→ **Given data**
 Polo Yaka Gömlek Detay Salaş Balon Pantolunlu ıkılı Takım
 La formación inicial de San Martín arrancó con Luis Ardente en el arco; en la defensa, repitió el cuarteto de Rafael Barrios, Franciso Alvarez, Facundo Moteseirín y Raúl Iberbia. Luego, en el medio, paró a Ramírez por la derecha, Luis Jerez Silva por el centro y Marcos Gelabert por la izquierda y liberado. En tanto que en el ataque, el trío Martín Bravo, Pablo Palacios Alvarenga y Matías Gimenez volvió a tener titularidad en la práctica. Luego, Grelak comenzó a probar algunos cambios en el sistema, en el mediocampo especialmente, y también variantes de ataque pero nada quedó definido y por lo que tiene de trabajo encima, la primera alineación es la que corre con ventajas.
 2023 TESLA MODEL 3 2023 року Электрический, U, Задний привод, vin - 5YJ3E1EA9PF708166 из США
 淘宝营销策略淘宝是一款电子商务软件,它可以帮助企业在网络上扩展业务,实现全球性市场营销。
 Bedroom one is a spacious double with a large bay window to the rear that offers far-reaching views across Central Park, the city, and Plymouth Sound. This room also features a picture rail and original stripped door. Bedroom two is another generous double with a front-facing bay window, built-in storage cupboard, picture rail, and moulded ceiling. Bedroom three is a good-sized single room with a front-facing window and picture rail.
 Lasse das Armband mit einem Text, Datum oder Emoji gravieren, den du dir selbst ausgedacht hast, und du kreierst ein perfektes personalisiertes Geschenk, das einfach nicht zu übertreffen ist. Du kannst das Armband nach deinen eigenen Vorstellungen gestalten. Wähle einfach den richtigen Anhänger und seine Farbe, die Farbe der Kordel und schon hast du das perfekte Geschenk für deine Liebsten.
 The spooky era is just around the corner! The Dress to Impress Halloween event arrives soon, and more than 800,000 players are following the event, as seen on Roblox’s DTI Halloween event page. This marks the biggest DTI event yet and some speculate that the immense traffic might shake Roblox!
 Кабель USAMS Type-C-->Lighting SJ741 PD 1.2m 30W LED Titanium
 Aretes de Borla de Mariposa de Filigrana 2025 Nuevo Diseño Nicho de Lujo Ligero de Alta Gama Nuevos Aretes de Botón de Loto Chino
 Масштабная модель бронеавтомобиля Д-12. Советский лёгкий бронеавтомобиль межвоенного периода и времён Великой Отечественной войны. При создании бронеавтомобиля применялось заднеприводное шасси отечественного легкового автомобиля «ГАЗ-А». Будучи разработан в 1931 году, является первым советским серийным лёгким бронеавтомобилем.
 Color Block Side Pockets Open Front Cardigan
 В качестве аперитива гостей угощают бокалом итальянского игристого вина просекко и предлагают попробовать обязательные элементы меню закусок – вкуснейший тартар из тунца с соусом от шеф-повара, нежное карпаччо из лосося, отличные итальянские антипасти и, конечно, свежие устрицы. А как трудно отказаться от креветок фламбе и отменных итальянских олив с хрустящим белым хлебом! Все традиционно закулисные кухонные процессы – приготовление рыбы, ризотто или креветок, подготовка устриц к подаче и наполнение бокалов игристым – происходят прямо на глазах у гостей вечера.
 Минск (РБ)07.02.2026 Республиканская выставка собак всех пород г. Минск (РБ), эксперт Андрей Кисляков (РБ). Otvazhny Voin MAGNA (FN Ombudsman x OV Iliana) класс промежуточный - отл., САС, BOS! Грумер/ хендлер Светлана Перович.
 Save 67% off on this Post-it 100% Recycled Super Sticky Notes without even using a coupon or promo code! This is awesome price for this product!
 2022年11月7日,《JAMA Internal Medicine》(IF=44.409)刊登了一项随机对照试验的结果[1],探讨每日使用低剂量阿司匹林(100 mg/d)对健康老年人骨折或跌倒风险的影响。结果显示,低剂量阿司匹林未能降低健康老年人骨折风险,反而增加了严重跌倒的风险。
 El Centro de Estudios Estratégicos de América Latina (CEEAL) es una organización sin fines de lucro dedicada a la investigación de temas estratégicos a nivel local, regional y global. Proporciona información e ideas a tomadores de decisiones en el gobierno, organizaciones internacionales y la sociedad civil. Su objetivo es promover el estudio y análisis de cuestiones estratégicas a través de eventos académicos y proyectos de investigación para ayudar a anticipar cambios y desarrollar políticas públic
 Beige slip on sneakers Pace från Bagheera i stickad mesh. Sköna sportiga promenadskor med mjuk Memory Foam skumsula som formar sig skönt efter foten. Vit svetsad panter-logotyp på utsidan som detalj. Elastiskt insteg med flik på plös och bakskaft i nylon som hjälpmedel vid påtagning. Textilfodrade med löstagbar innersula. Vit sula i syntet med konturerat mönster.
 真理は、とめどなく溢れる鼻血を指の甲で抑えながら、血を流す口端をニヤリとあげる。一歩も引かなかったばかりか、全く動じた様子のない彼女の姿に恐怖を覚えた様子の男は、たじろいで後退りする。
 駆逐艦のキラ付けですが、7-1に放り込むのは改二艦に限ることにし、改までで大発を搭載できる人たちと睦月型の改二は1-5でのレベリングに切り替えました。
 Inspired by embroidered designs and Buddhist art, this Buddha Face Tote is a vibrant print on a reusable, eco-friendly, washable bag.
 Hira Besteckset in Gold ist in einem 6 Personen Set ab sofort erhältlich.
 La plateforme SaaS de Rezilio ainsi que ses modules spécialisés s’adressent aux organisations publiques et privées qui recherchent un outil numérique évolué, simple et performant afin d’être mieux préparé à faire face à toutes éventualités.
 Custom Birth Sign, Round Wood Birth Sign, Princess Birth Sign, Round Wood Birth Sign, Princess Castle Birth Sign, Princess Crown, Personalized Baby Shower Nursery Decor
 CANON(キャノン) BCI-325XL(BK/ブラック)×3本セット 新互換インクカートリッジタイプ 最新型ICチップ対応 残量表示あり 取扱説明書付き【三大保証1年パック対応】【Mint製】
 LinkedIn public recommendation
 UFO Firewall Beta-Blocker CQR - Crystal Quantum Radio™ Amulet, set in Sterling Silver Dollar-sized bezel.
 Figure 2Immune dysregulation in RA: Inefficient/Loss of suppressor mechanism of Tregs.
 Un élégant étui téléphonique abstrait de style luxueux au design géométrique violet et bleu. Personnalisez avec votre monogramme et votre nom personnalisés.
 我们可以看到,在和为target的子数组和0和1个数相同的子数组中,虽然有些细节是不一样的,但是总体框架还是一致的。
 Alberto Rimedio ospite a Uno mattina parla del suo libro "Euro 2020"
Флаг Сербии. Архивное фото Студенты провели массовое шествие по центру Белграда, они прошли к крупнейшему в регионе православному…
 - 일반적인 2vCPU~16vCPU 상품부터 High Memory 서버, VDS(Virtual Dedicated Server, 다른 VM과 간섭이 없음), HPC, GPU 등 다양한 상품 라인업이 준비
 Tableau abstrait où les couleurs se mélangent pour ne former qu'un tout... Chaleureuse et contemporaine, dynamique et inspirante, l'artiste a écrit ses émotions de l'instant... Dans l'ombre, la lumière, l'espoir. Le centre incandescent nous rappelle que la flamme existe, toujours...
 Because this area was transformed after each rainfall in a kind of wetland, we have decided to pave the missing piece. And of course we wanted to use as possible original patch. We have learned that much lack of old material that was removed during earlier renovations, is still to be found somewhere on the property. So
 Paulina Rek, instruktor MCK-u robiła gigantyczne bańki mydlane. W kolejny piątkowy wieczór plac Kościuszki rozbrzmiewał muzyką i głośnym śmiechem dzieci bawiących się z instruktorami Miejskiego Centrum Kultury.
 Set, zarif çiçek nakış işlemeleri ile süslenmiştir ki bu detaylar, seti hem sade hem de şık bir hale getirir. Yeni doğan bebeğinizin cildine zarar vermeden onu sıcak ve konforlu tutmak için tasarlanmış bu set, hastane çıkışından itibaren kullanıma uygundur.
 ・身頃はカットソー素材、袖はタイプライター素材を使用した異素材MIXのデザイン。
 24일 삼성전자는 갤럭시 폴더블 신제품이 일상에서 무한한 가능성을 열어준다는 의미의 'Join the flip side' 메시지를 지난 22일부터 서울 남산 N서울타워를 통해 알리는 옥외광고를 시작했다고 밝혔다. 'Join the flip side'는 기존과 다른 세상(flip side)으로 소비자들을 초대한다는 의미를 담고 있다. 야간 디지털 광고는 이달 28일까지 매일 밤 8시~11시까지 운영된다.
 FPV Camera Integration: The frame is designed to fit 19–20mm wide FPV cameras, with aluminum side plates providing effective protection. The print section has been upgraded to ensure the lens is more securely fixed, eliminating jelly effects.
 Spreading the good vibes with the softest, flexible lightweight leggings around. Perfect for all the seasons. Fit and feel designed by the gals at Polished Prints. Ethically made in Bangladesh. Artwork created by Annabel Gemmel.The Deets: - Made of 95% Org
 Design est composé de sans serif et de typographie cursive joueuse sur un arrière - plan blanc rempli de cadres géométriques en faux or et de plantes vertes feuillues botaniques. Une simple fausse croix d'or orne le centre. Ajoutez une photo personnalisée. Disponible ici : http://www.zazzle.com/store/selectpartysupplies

→ **Exercise directions**
Could you count the lines in the entries that hold the word "original"? Only the number is wanted.

→ **Solution to the problem**
2